Given the adaptive potential provided by maintaining a good amount of standing genetic variation, it is imperative to conserve genetic diversity within populations in conservation efforts. This is why we often equate genetic diversity with ‘adaptive potential’ of species, although the exact amount of genetic diversity required for adaptive potential depends on a large number of other factors. Clearly, in some instances species show the ability to adapt to new pressures or novel environments even without a large amount of standing genetic variation.

It is important to remember that standing genetic variation consists of two types: neutral genetic diversity, which is not necessarily under selection at the time, and adaptive genetic diversity, which is directly under selection (although this can be either for or against the given variant). However, currently neutral genetic variants may become adaptive variants in the future if selective pressures change: although those different variants aren’t necessarily beneficial or detrimental at the moment, that may change in the future. Thus, conserving both types of genetic diversity is important for the survivability and longevity of populations under conservation programs.

Other types of adaptation

Although genetic diversity is clearly critically important for adaptive potential, alternative mechanisms for adaptation also exist. One of these relies less on the actual genetic variants being different, but rather how individual genes are used. This can happen in a few different ways, but mostly commonly this is through alternative splicing: when a gene is being ‘read’ and a protein is produced, different parts of the gene can be used (and in different order) to make a completely different protein.
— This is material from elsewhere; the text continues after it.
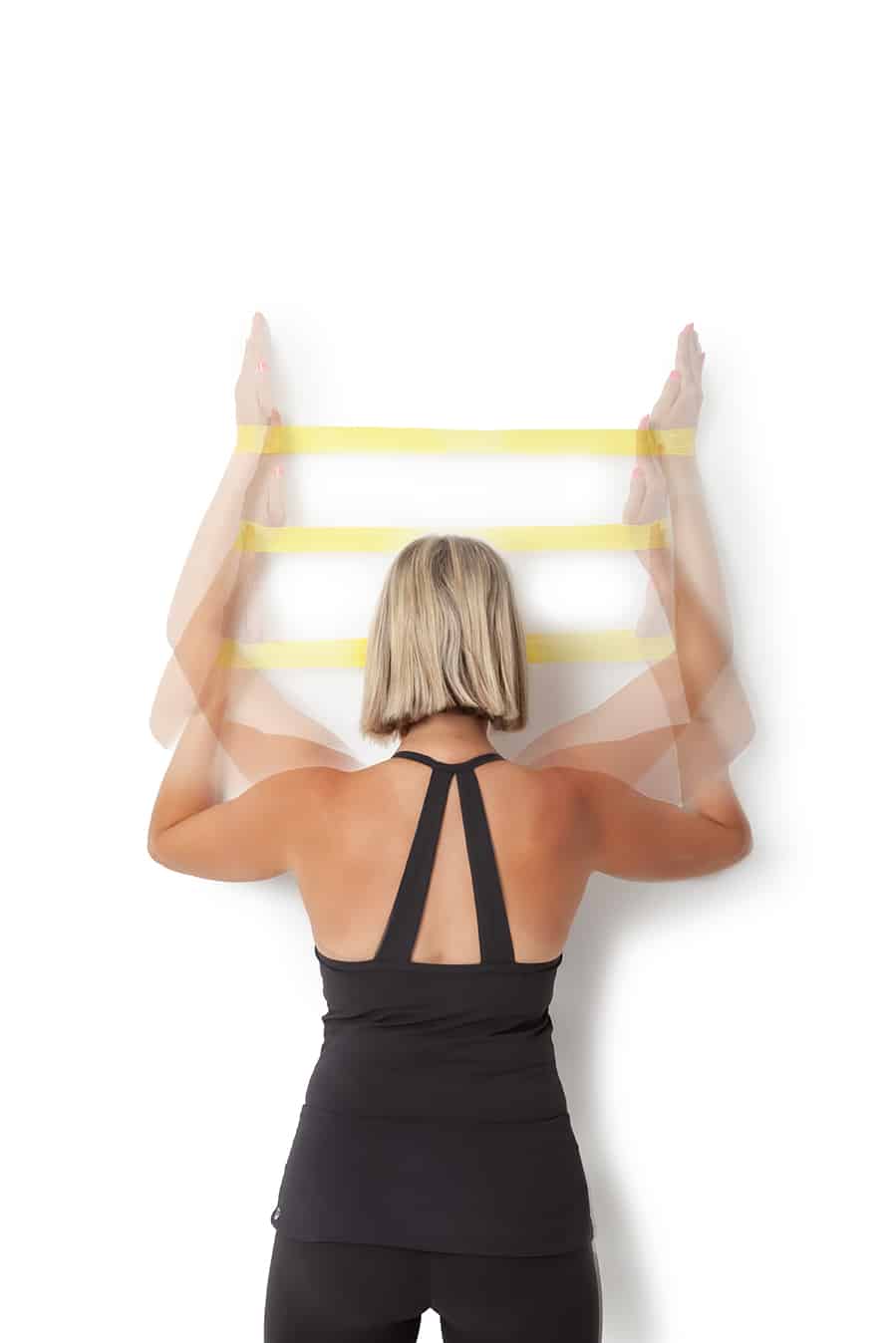 Exercise Rx: Begin with no resistance, making sure that your client’s spine is in “neutral” and they are not excessively arching their lower back (adjust their stance and distance from the wall accordingly). Instruct them to engage their abdominal muscles. This may be difficult for many, as they do not always have the kinesthetic awareness required to engage core musculature. They will need to retract their shoulder blades as they “crawl” up and down the wall. When their form is excellent, and there is no discomfort in the absence of resistance, begin with the lightest resistance (band) possible. Instruct them to hold the band between the fingers of each hand, until desirable resistance is achieved. They will be pulling their bent arms out to the sides, against the resistance of the band, as they “crawl” up and down the wall. Start with just a few repetitions and make sure that there is no swelling in the next 24-28 hours. Gradually add repetitions and greater resistance.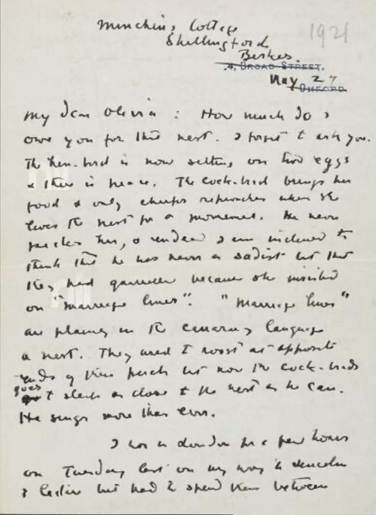 From there he sent a couple of letters to a close friend, Olivia Shakespear, incorrectly attributing Shillingford to Berkshire. He always called his wife George after her middle name.

Alternate splicing figure.jpg
An extreme example of alternate splicing of one gene. We start with a single gene, composed of 5 (AE) main gene elements (exons). Different environmental pressures (like fire risk, flooding, cold weather or predators, for example) cause the organism to use different combinations of these exons to make different proteins (right side; AD). Actual alternate splicing is not usually this straight-forward (one gene doesn’t conveniently split into four forms depending on the threat), but the process is generally the same.

Believe it or not, we’ve sort of discussed the effects of alternative splicing before. Phenotypic plasticity occurs when a single organism can have very different physiological traits depending on the environment: even though the genes are the same, they are utilised in different ways to make a different body shape. This is how some species can look incredibly different when they live in different places even if they’re genetically very similar. That said, for the vast majority of species maintaining good levels of genetic diversity is critical for the survivability of said species.